As Maddowblog has noted,” this has simply never happened before. There is no precedent in American history for Congress approving a massive new public benefit, a president signing it into law, the Supreme Court endorsing the benefit’s legality, and then having an entire political party actively and shamelessly working to sabotage the law.”

The law, of course, is the Affordable Care Act, aka “Obamacare.”

It isn’t only the 39 votes to repeal the ACA–votes for repeal that GOP Congressmen know are entirely symbolic and will die in the Senate.  As several media sources have reported, Republican Congressmen are now refusing to help constituents who call their offices with questions. “We know how to forward a phone call,” said Rep. Jason Chaffetz (R-Utah). He added, “[A]ll we can do is pass them back to the Obama administration. The ball’s in their court. They’re responsible for it.”

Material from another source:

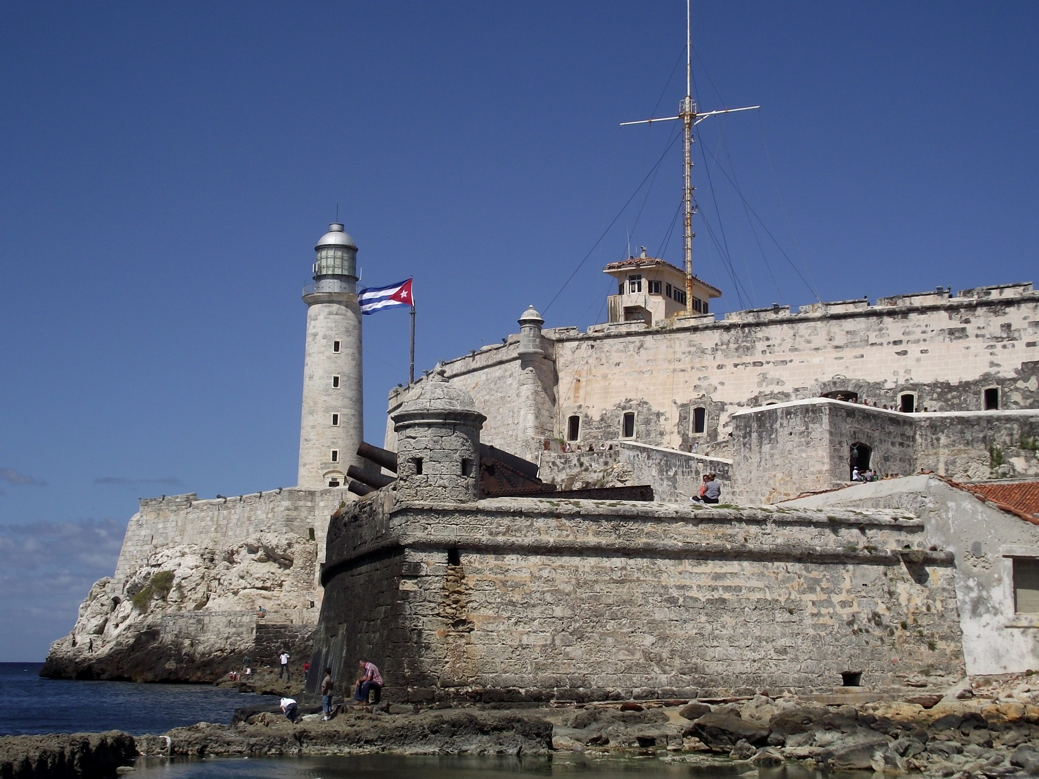 Morro castle, La Habana, Cuba
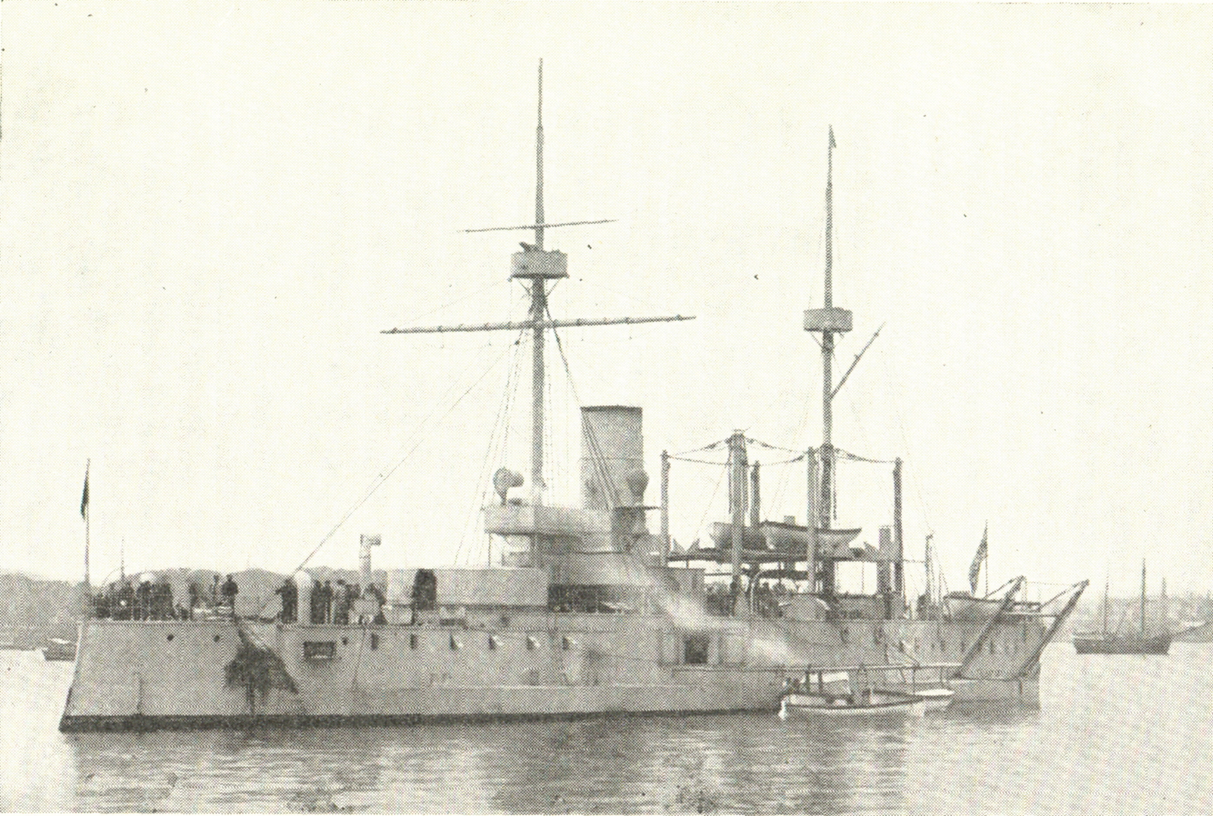 Danish Ironclad Battleship Helgoland, launched in 1878, serving 1879 - 1907.

Then there are the Governors, like Indiana’s own Mike Pence, who are refusing to participate in Medicaid expansion, even though such refusal costs their state millions of federal dollars it would otherwise receive. (I won’t even dignify the Pence Administration’s recent bald-face lies about projected costs of individual health insurance policies.)

My question is: why?

The GOP has no alternative plan to offer, possibly because the ACA was the GOP’s approach, back when the party was composed of adults focused upon solving real problems. They don’t even pretend to have a different solution to a healthcare crisis that threatened to destroy  the American economy while leaving fifty million Americans uninsured.

They don’t want to solve the  problem. They just want to undo the solution that was cobbled together by that black guy in the White House and ushered through the process by the woman who was briefly Speaker–the solution that was acceptable to the insurance companies and pharmaceutical companies that had to be placated if anything was to be done.

I have real problems with Obamacare as policy, but I recognize that it is infinitely better than nothing. I also recognize that it is the best we could do politically. I am absolutely incapable of understanding what motivates these people who simply want to repeal it, without putting anything in its place. They clearly don’t give a rat’s you-know-what about the people who had no access to healthcare before the ACA. They don’t care about the small businesses that couldn’t compete for good employees because they couldn’t afford to offer healthcare. They don’t care about the fact that 50% of the personal bankruptcies that cost businesses dearly and are a drag on the economy are a result of medical costs incurred by uninsured and underinsured Americans. They don’t care that before the ACA, America was spending 2 1/2 times more than the next most expensive country for a system ranked 37th in the world.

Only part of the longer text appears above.